I’m not trying to be a downer here… I have incredible expectations for what Apple will unveil. It won’t be the techie specs that make it though, it’s going to be all that Apple has coordinated behind it. To be sure, there were a host of slick Windows OS Tablet/Slates shown off at CES. And then products like Amazon’s Kindle have put books on digital for quite some time. What I expect Apple to show off is an elegant piece of hardware with the functional, real-world use software tools that makes their Tablet consumer ready right out of the box. Great tech specs are nice, but more important is what you can do with it. Where others show off specs, tomorrow Apple is going to sell their new Tablet – not unlike the iPhone – on all the great things you can easily and intuitively do with it.
As an iPhone on steroids, out of the box the Apple Tablet should already have the same function and support as an iPhone. But more than that – it’s said to be the right product with the right display technology to take the ‘old media’ experience to digital. Translation: getting magazines, newspapers, and, of course, books in an agreeable and appealing display format. While it’s all been done before, Apple tends to be ground-breaking by providing a solution with a software accessibility that has everyone wanting to use it.
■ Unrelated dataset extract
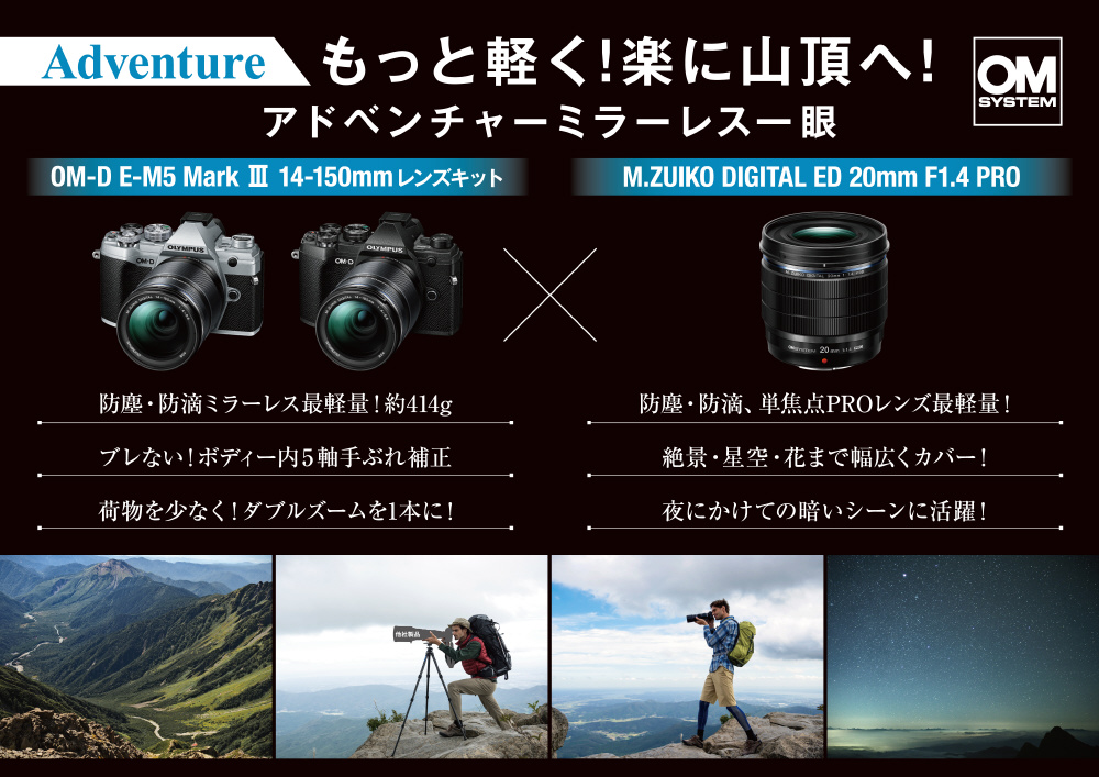 開放絞りF1.4の明るいレンズながら、質量247gの小型軽量化を達成。「OLYMPUS OM-D E-M5 Mark III」と組み合わせた場合は、質量約661gの小型軽量システムとなり、機動力を生かした軽快な撮影が可能です。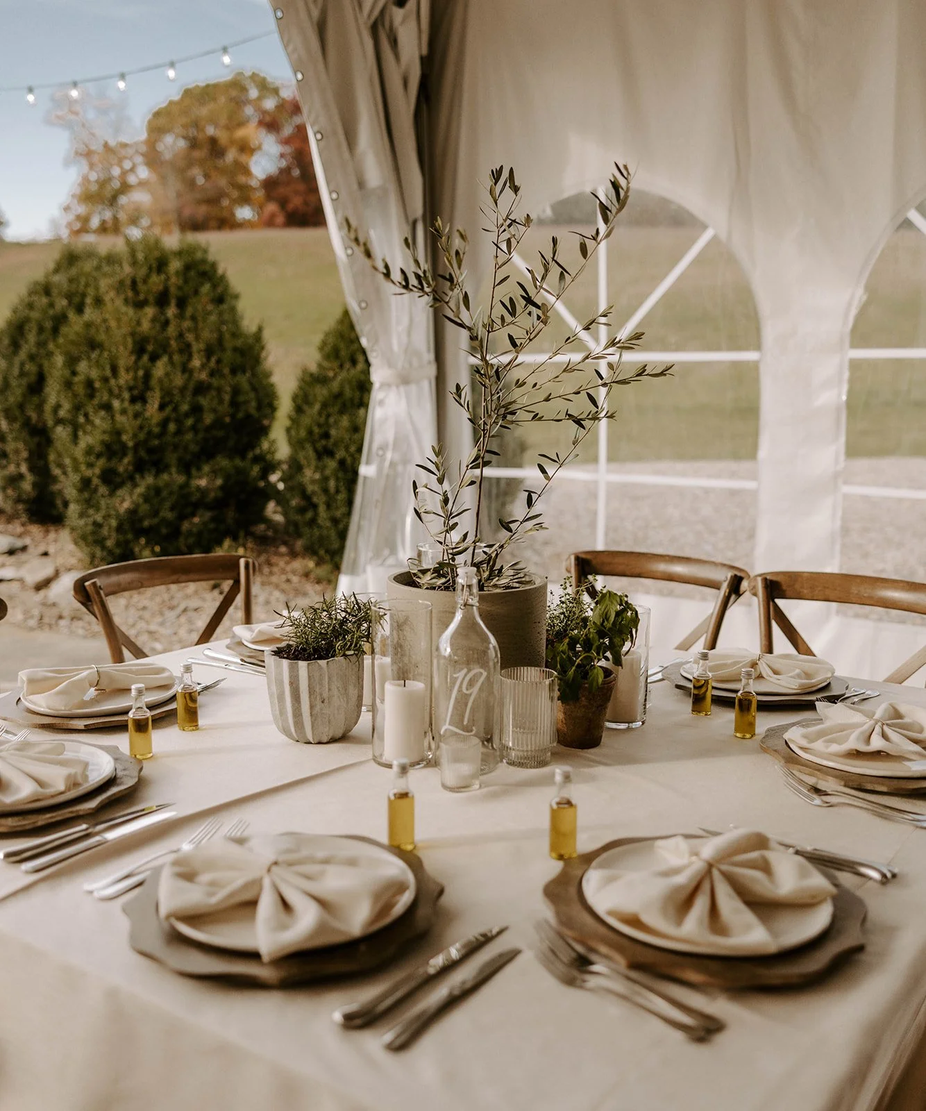 *Need the decor but no space for seating? We have you covered! Although we encourage the look and sustainability of utilizing our ceramic dinnerware, we are happy to provide eco-friendly disposable bamboo plates, napkins, and flatware to allow more flexibility for your event, without sacrificing style. Message us for pricing and availability.

Reportedly, a huge segment Apple is after with the Tablet is education. McGraw-Hill has already spilled the beans that they’re excited about their deal to make their textbooks available via the Apple device. If the usability is up to all the hype that Apple’s brought upon their tablet – just this one segment alone is a game changer. At all levels, from grade school to university, printed books consume considerable financial and physical resources. Worse, when books are updated – prior editions become obsoleted forcing schools and students to buy the latest editions new. The proof is in the pudding, but this could be Apple’s ticket if they deliver a model for education that shows a long term cost benefit whereby the tablet with eBooks replaces those traditional printed texts. And of course, the Tablet is far more than just a glorified Kindle in doing this too.
The possibilities are whatever one can imagine. I expect a lot of what has been imagined will be delivered in the new Apple tablet. It’s not going to be about the raw specs, it’s going to be about all the things people have imagined doing with a tablet and Apple having the software and deals in place that make it real.